If you've followed our blog for any period of time, then you know how important it is to take regular samples of your fluids. Not sure how to do that? You've come to the right place. 

Watch the video for a detailed explanation. (It's just a few minutes, and we think you'll be glad you did!)


Video Transcript

Hi my name is Scott Howard with Hy-Pro Filtration and today we will be speaking about proper bottle sampling techniques. We have a 100ml bottle and that’s pretty much the industry standard. We have a filter cart and we’ll be using the upstream sample port prior to the spin-ons. So, there’s your pump, here’s your sample port.

This gives you good information on the barrel or tote or reservoir information as far as the overall Total System Cleanliness, which is very important.

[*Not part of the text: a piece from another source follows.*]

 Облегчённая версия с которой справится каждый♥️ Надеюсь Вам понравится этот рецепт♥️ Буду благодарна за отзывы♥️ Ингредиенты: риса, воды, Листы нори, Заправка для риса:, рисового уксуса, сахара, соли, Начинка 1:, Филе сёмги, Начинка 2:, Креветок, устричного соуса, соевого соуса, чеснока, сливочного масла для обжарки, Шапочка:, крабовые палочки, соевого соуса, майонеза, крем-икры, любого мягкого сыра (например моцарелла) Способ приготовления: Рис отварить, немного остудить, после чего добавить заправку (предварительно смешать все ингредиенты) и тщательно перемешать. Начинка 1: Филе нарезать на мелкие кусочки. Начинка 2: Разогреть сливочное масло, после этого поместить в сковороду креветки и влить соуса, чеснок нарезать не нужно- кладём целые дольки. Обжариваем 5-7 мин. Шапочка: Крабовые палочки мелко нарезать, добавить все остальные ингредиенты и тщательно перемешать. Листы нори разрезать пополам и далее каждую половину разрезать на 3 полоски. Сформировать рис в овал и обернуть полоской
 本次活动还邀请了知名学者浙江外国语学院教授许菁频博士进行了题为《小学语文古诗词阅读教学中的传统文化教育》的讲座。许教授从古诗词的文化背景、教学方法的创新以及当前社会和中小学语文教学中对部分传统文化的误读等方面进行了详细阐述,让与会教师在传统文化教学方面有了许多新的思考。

What we will be doing is assuming that the bottle -- through our testing this is pretty accurate -- the bottle will have contamination from manufacturing in the cap and in the bottle that can potentially affect your lab report. We want to remove this contaminant while at the same time using the proper sample location and sampling techniques.

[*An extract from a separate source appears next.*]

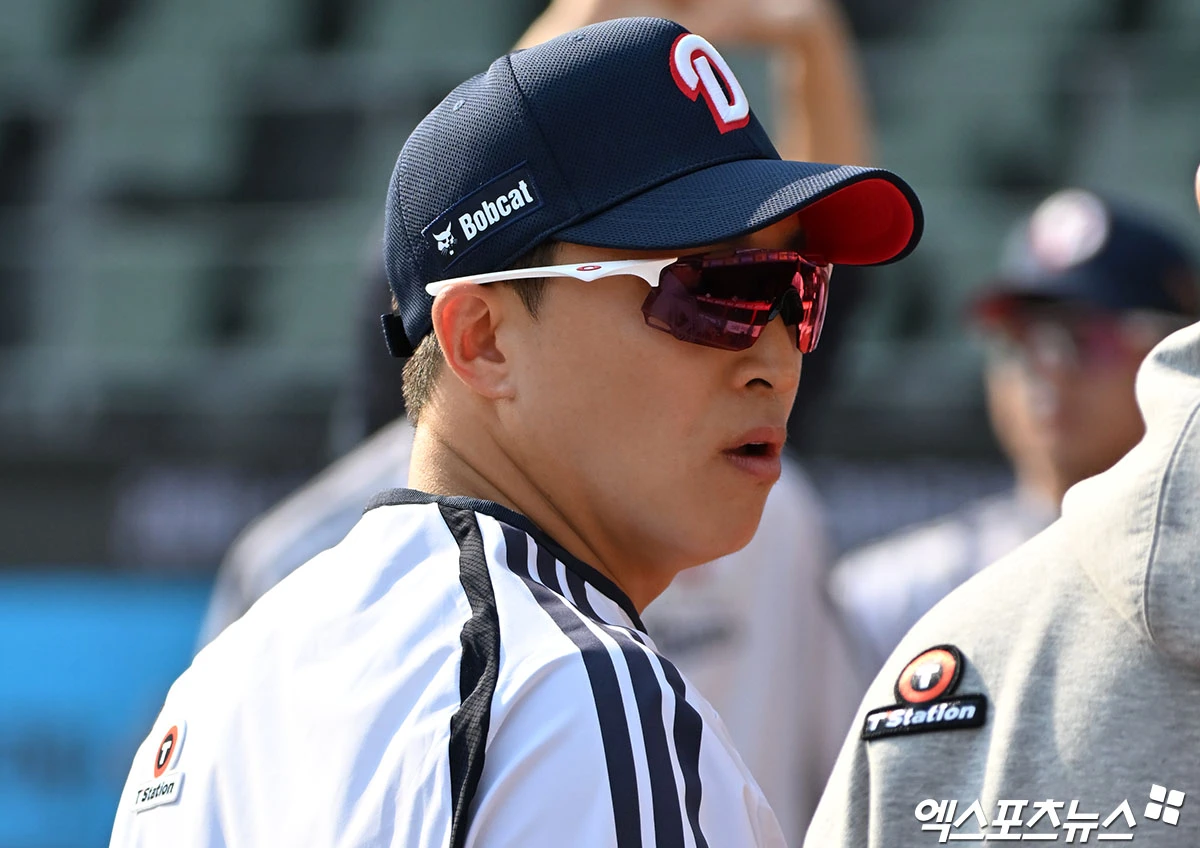 (엑스포츠뉴스 인천, 김한준 기자) 14일 오후 인천SSG랜더스필드에서 열리는 '2026 신한 SOL Bank KBO리그' 두산 베어스와 SSG 랜더스의 경기, 두산 손아섭이 훈련에 임하고 있다.

When we start the sample valve or the sample oil flow, we want to keep it flowing the entire time, so as not to stop and start and have some contamination buildup in the valve if present, so here we go.

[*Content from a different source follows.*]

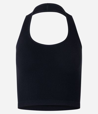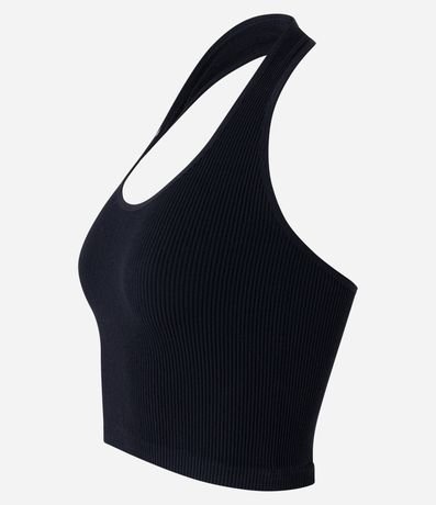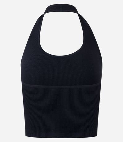 Blusa sem manga, frente única, seamless - sem costura e confeccionada em poliamida.
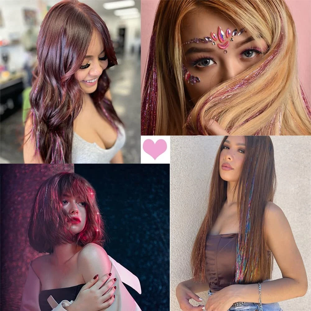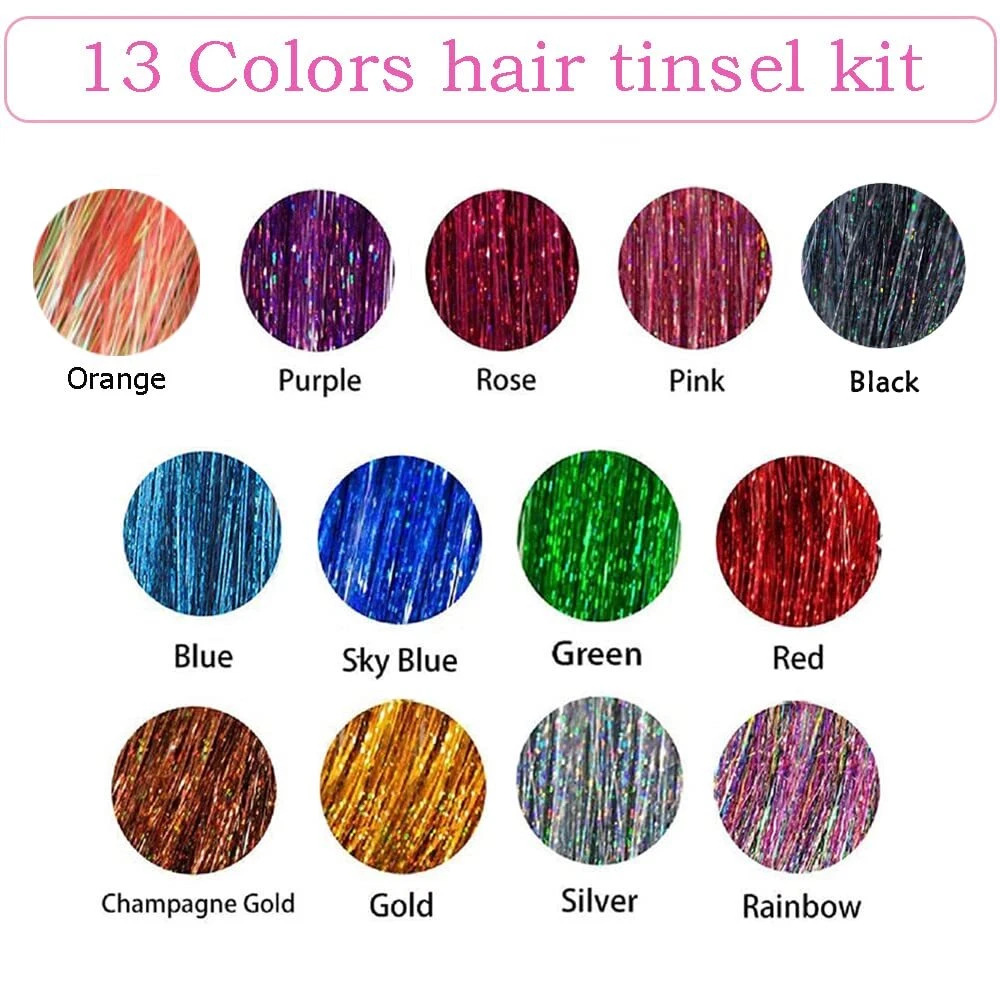Hair Tinsel Kit with Tools: 13 Colors 3600 strands hair tinsel , 1 piece crochet, 1 piece plier, 200 pieces micro silicone link rings beads (100pcs black + 100pcs brown), 2pcs Ponytail Hoop Tools,1pc Rat Tail Comb,1piece hair clips, 1 pack of Colorful rubber bands as a gift. Definitely worth it for the money. Hair Tinsel Safe: Hair tinsel made by 100% high quality polyester fiber hair tinsel. Safe, , tasteless and will not fade. Can be washed, blow-dried, straighten, ironing,cut into different length according to your hair extension requirements. Each color tinsel is packaged separately, which is more easy to identify and use. Fairy Hiar tinsel Easy Match Your Style: The hair tinsel is the latest trend in hair fashion and the perfect hair accessory for girls of all ages.Adds amazing colors and sparkle to hair. create charming and eye-catching effect , you get tons of compliments. Tinsel Hair Extensions: The hair tinsel strands 48 Inch are long enough , cut into different length according to your hair extension requirements.13 Colors to Choose: Orange, Gold, Silver, Pink, Violet, Sky Blue, ,Champagne Gold , Rose Red, Black, Red, Blue, Green, Rainbow.a variety of colors meet the various styles of fairy hair, Release Your Charm. Service: If you have any question or problem about the Hair tinsel kit, We provide 24-hours .

Once you have your flow set, you don’t need too much, just make sure it does not stop until you finish with your sample. Keep the cap pointed down so no airborne fallout can land in the cap. Recap the bottle and agitate. When you dump the bottle, make sure you do not splash the oil up into the bottle. That could potentially contaminate it.

We prefer at least two times filling halfway and agitating the bottle to remove the contaminant. You can do a third flush but two at least is preferred. Once you’ve completed your flush you can fill it to the throat of the bottle and then cap it.

Then at that point shut off your oil flow and your filter cart. It seems real simple to draw a bottle sample but what we want to eliminate if we’re talking about very efficient filtration and a very clean system, the trend analysis in the lab report, it’s critical to get the bottle sample correctly and not have background contamination from either the bottle, cap or even the sample valve so this is how you can make it real simple to get a good test and believe your lab report for a good trend analysis.